Lorengo said one of the critical enhancements of the GNA in the 2018 Farm Bill included an allowance of road construction and improvements.
“As an industry, we are really excited to see where this all goes,” said Lorengo. “In Montana, hundreds of miles of roads will be restored for use of the general public, and drainages will be improved up to promote wildlife habitat and healthy fisheries. “
Currently, funding for the GNA is being considered as part of House Bill 2, a revenue bill, for $883,000 in the Montana Legislature. “It’s getting good bi-partisan support,” said Lorengo. “The logging/wood products industry has ponied up money to jump start the program as have conservation groups, but at this time, we need the state to provide seed money to support a staff that can manage 4.9 million acres.”
He noted, however, that the funding from the state would only be for two years. After that, the proceeds from timber sales would sustain those employees and the GNA program would be able to stand on its own.
With the 2018 Farm Bill giving counties the same authority on forest management as the state, Libby (Lincoln County) has hired their own forester.” I believe the GNA program is evolving right now and I see it as a snowball on top of the hill that is gaining momentum as it rolls along. These are acres that are in need of either a fire or mechanical treatment, and obviously for everyone concerned, mechanical treatment is a better option,” Lorengo said.
He believes moderate conservationists are willing to sit down, compromise and work towards healthy forests using the GNA. “I’m happy to say that moderate conservation groups, local governments and state agencies are done with conflict. Even the tribes are having conversations about how they can implement the GNA. There are now a lot of collaborative groups around the state. They realize active management is beneficial. All of these stakeholders are seeing the GNA in a positive light.”
The state of Wyoming has been looking for ways to apply the GNA to rangeland improvements and watershed restoration projects, along with the forestry projects.

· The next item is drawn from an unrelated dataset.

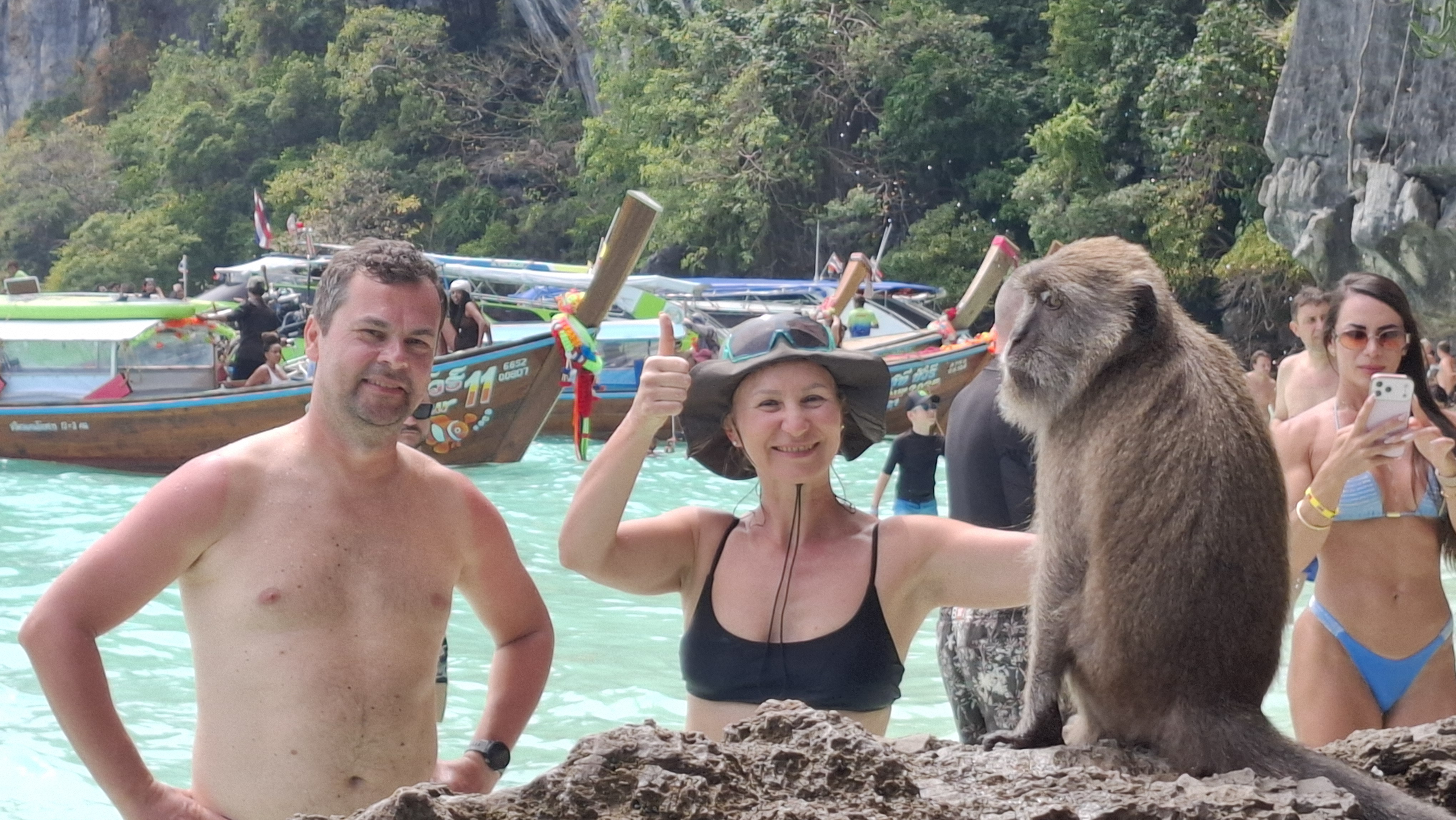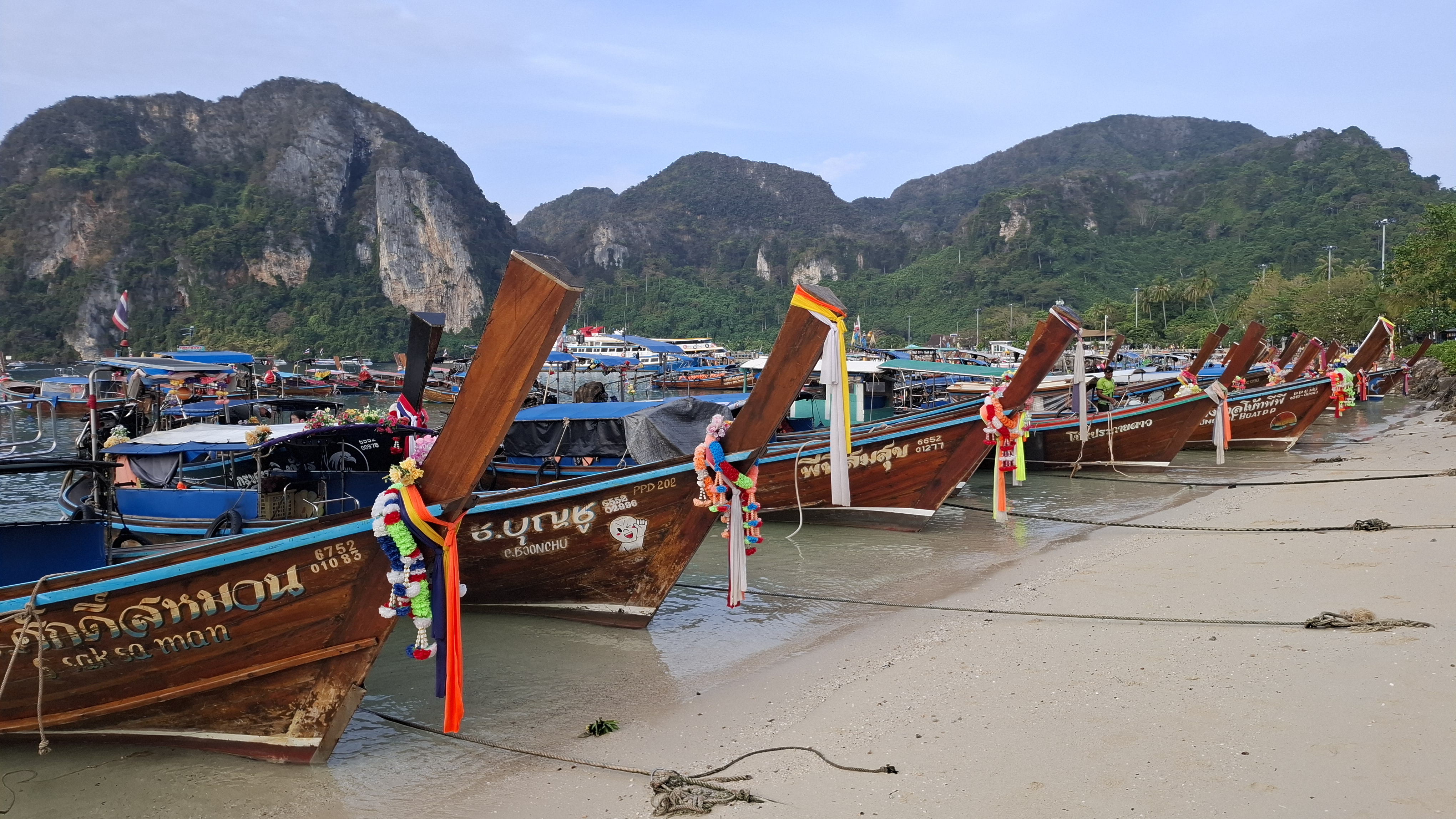 Сегодня мы отдыхаем от велосипедов, купаемся и исследуем окрестные острова. Пхи-Пхи — архипелаг из шести островов, расположенных примерно в 35 километрах от побережья Краби. Четыре из них являются крошечными, а вот Пхи-Пхи-Ле и Пхи-Пхи-Дон имеют достаточно внушительные размеры. Последний является единственным населённым островом архипелага.

“Last fall our Game and Fish entered into agreement with the Forest Service for projects and the Wyoming Department of Agriculture is in the process of signing one,” noted Holly Kennedy, Federal Lands Associate, Wyoming Farm Bureau. “One of the places/resource concerns that the Department of Ag is looking to use it is to restore rangelands on the National Grasslands that have been damaged by prairie dog infestation. There is also work being done to apply it to removing trees that have been affected by the Bark Beetle.”